Given these early results for PARP inhibitors, Litton designed a stepwise approach to more quickly move talazoparib into the presurgical treatment setting for patients newly diagnosed with BRCA-positive breast cancer. She proposed an investigator-initiated pilot study to the drug company, to be supported by MD Anderson's Moon Shots Program, an ambitious effort to reduce cancer deaths by more rapidly developing and implementing advances in prevention, early detection and treatment based on scientific discoveries.

Litton originally expected the study to take two years to sign up 20 patients. Instead, 13 enrolled in eight months, and the results were striking enough that the study was stopped. Complete results, including pathological response after the full course of treatment through surgery, are being prepared for publication.

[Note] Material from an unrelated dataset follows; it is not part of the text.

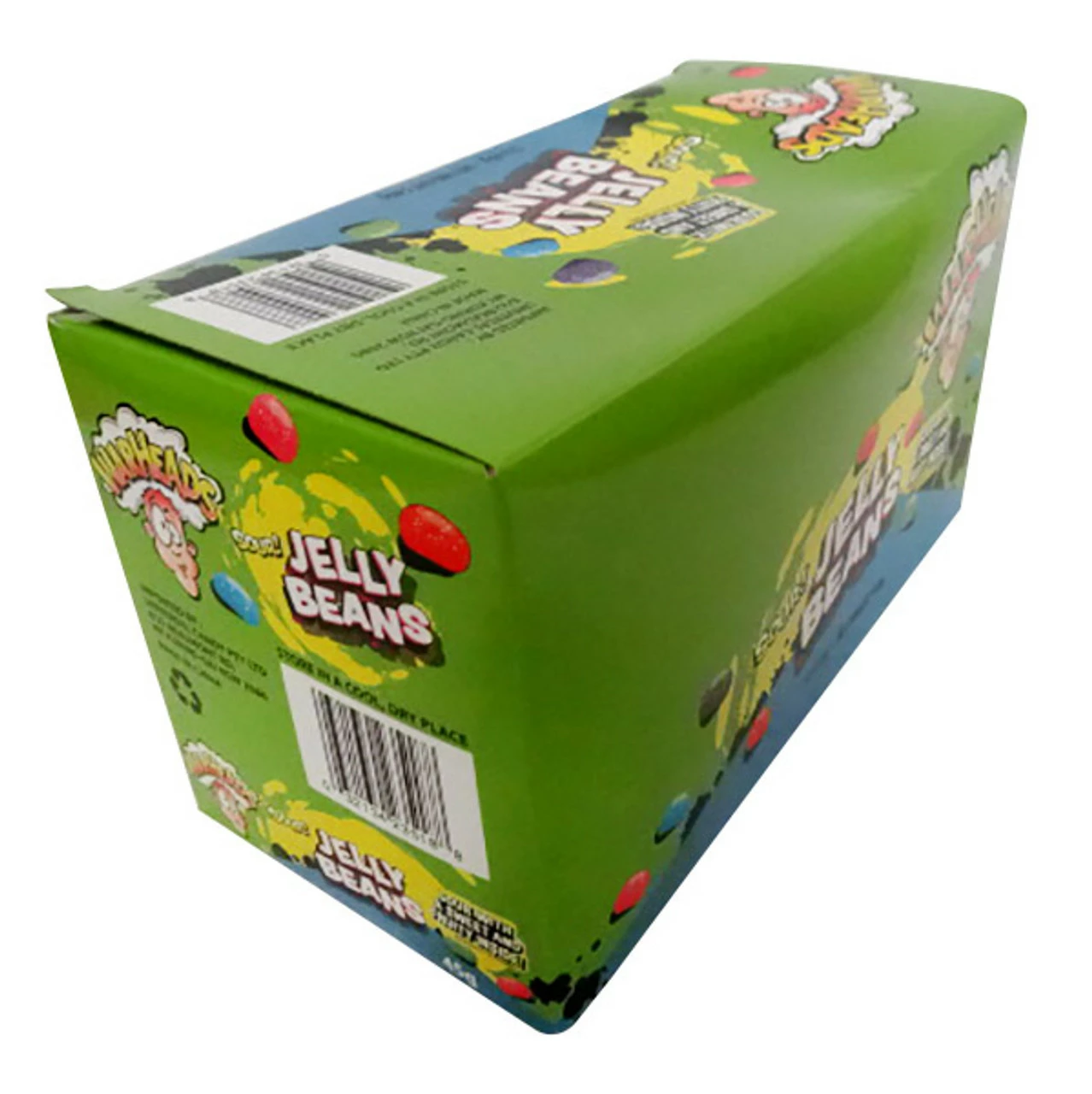 Warheads Sour Jelly Beans. Sour on the outside, sweet and fruity inside. Chewy candy. 12 x 45g box.
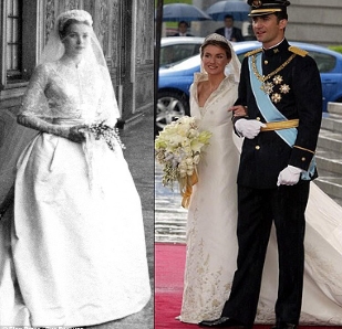 Am putea face, însă, o serie de comparaţii cu rochiile purtate de Grace Kelly, la nunta ei cu Prinţul Rainer of Monaco, desfăşurată în anul 1956, sau cu cea a Letiziei de Asturias care s-a căsătorit pe 22 mai 2004, la Catedrala Nuestra Senora din Madrid, Spania.

None of the 13 patients had to withdraw from the talazoparib treatment due to side effects, which were limited mainly to fatigue and low blood counts. There were no grade 4 toxicities. Eight of the 13 had triple-negative disease, breast cancer that does not have HER2 or hormonal targets for treatment.

"After we saw the extensive clinical response, confirmed by ultrasound, and with a favorable toxicity profile, we really wanted to move forward into an extension to evaluate pathological response for this drug as a single treatment," Litton said.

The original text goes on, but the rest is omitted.